Problem details. Without its pictures, the listing below is to be transcribed exactly.

Given data.
-=-=-=-=-

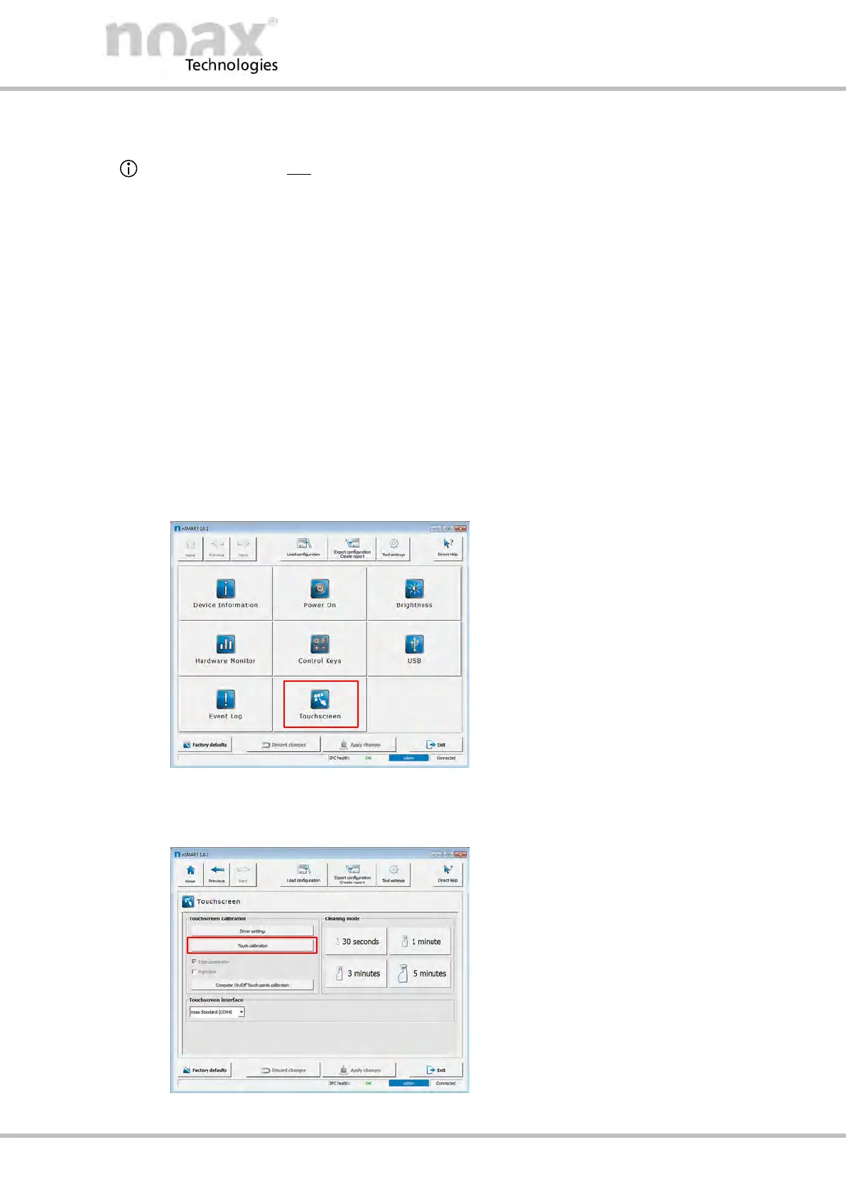 the touch data, the touchscreen calibration will be performed via the noax MCU.
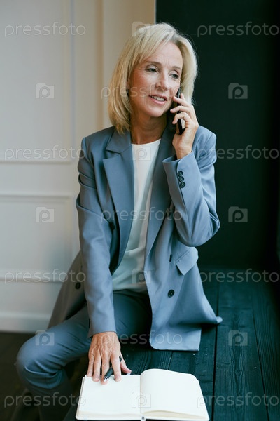 Улыбающаяся зрелая деловая женщина, разговаривающая по телефону
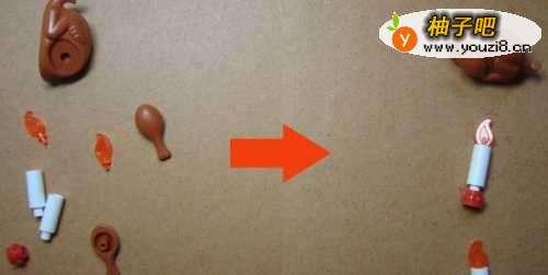4然后,搭建小餐桌模型上的蜡烛图形,由两个圆形支架形积木和零件积木所组成。左边是拼装所需的零件,右边是拼装好后的整体结构效果,如下图所示。

-=-=-=-=-

Solution for this problem.
 the touch data, the touchscreen calibration will be performed via the noax MCU.
 Улыбающаяся зрелая деловая женщина, разговаривающая по телефону
4然后,搭建小餐桌模型上的蜡烛图形,由两个圆形支架形积木和零件积木所组成。左边是拼装所需的零件,右边是拼装好后的整体结构效果,如下图所示。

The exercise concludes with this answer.